Безнадежные войны. Директор самой секретной спецслужбы Израиля рассказывает - Яков Кедми
Шрифт:
Интервал:
Закладка:
До того как я начал непосредственно работать с Ицхаком Рабином, я не был хорошо знаком с ним как с человеком. Я слышал о нем, видел его, пару раз мы пересекались с ним, как, например, в случае с самолетом с Кавказа, захваченным бандитами. Мы тогда перекинулись несколькими словами, и не более того. У меня сложилось мнение, в основном на базе публикаций периода борьбы между Рабином и Шимоном Пересом за руководство Рабочей партией, что он человек сухой, холодный и черствый. Я был удивлен, обнаружив в нем человека очень чувствительного и внимательного к людям, теплого и стеснительного. Рабин был человеком серьезным, глубоким и думающим, постоянно терзающимся сомнениями в правильности принимаемых им решений. Это не мешало его способности принимать решения, а, наоборот, лишь побуждало всесторонне и глубоко взвешивать проблемы еще и еще раз, выслушивая другие мнения и рассматривая проблему со всех сторон. Не хочу сказать, что Рабин был застрахован от принятия ошибочных или неверных решений, от этого никто не застрахован. Но, решая проблему, Рабин рассматривал ее исключительно с точки зрения дела, прилагая к этому все свои усилия и стараясь, насколько возможно, не поддаваться влияниям посторонних интересов. Познакомившись поближе с Ицхаком Рабином, с тем теплом и вниманием, с которыми он относился к людям, я здорово обозлился на Шимона Переса. Ведь это приближенные Переса, накануне соперничества между ними за руководство Партией труда, постоянно распространяли слухи о Рабине как о человеке черством и презрительно относящемся к людям. Перес, как обычно, пытался отмежеваться от публикаций, утверждая, что не имеет о них представления. Почему-то Перес никогда ничего не знает, ни того, что делается для него и от его имени, и неприглядные, и подловатые вещи. Или в его честь, как, например, помпезные празднования его дня рождения. У меня и тогда не было сомнений, что за клеветой на Рабина стоит Перес, и это меня здорово злило.

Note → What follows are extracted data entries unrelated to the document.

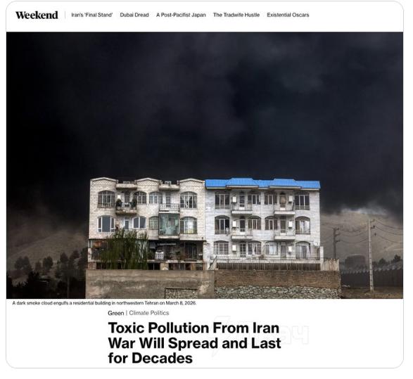【美国对伊朗的空袭所造成的环境后果将持续数十年——彭博社】原因是导弹和炮弹中含有重金属和其他有害物质,会污染空气、水和土壤。 污染可能会扩散到该地区以外的地区。 最严重的事件是袭击德黑兰附近的石油储存设施。
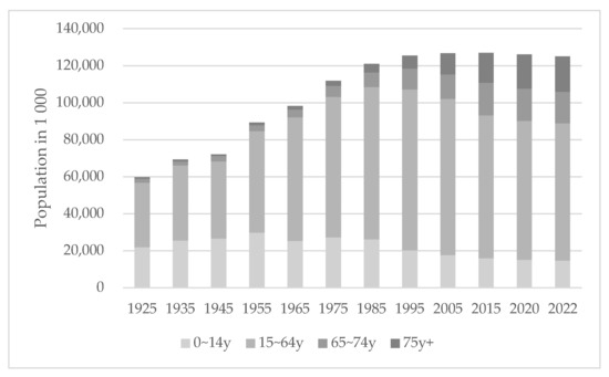 - Ministry of Internal Affairs and Communications. Population Estimates. 2022. Available online: https://www.stat.go.jp/english/index.html (accessed on 26 January 2023).
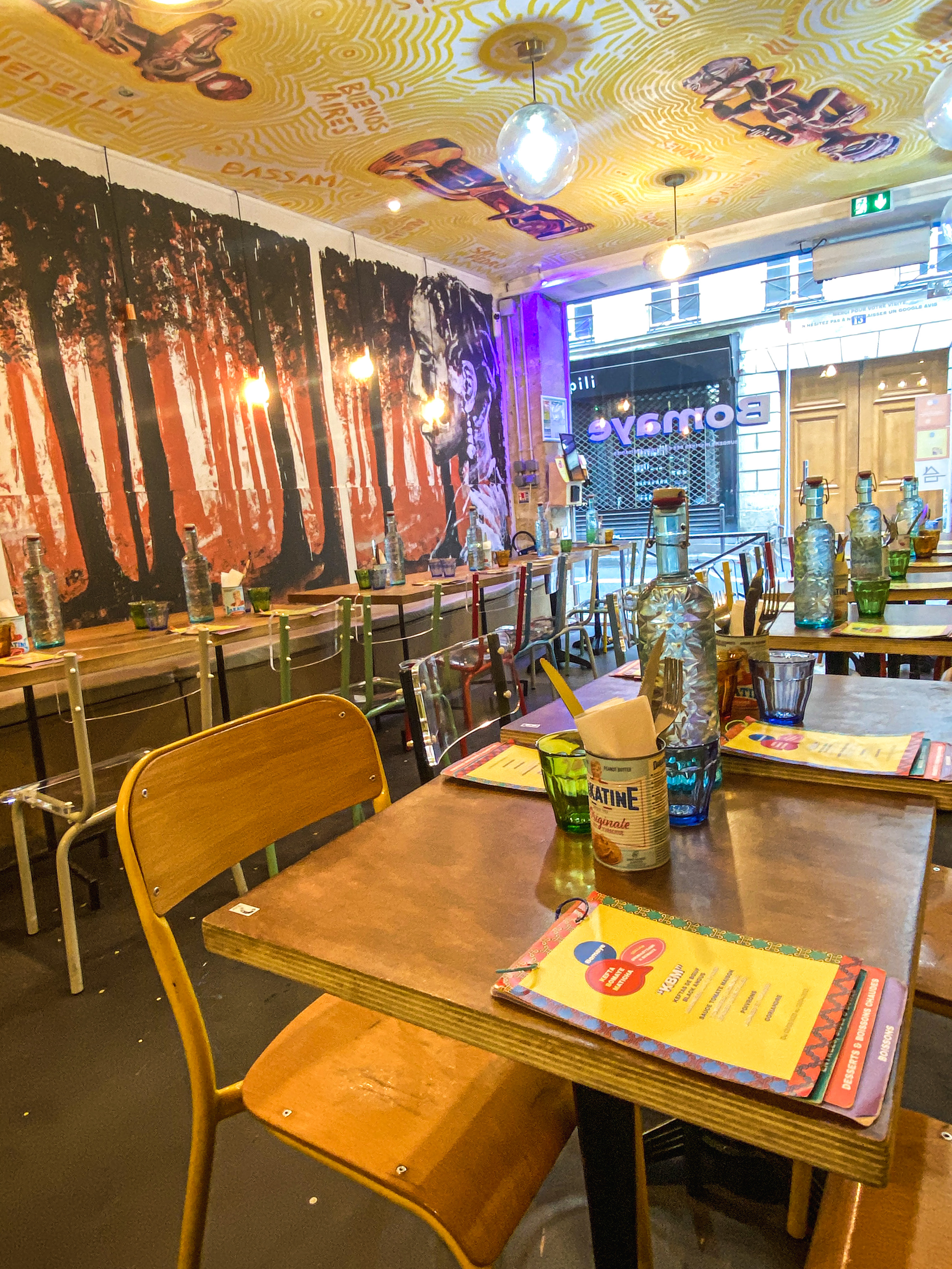 Après des mois à saliver devant l'insta de Bomaye, j'ai enfin pu emmener mes ami.e.s dîner là-bas, et nous avons englouti jusqu'à la dernière miette de nos burgers. L'ambiance et le décor sont chaleureux, le menu bien pensé : quel plaisir de trouver un resto qui propose des plats halal ET une option végé spécialement travaillée !

Отношение Рабина к проблеме выезда евреев в Израиль было для меня очень приятной неожиданностью. Оказалось, что его отношение к этому вопросу было трогательным и теплым. Наши рабочие встречи продолжались около часа, иногда и больше и происходили примерно раз в месяц, если не было чего-то срочного с его или моей стороны, что требовало немедленного обсуждения. Как правило, мы были только вдвоем, только в редких случаях при обсуждении какого-либо специфического вопроса присутствовал военный секретарь Рабина. «Натив» находился под полной ответственностью главы правительства, и ни один министр, ни даже генеральный директор канцелярии премьер-министра не осмеливались вмешиваться в наши отношения или пытаться встать между главой правительства и главой «Натива». Во время встречи мы обычно проходились по двадцати – тридцати пунктам, которые я посчитал нужным представить, кроме тех проблем, которые поднимал Ицхак Рабин. Речь идет о донесениях, отчетах, предложениях и разрешениях. В общем, текущие дела, в основном связанные с работой «Натива». Время от времени обсуждались другие проблемы, которые прямо или косвенно влияли на «Натив», или деятельность «Натива» влияла на них. Постоянным было предоставление оценки ситуации в России и в соседних государствах. Было заметно, что Рабин очень серьезно относится к нашим оценкам, ценит их и прислушивается к ним. Он обладал способностью все быстро схватывать и хорошо понимал то, что я ему докладывал. Кроме того, он запоминал подробности предыдущих обсуждений. Мне не раз приходилось слышать от него: «Во время нашей встречи два месяца назад ты утверждал то-то и то-то. Как это соотносится с тем, что ты говоришь сейчас? Нет ли тут противоречия? Объясни, пожалуйста». Если мне удавалось убедить Рабина, что он должен что-то сделать для деятельности «Натива», он всегда был готов выполнить все без промедления.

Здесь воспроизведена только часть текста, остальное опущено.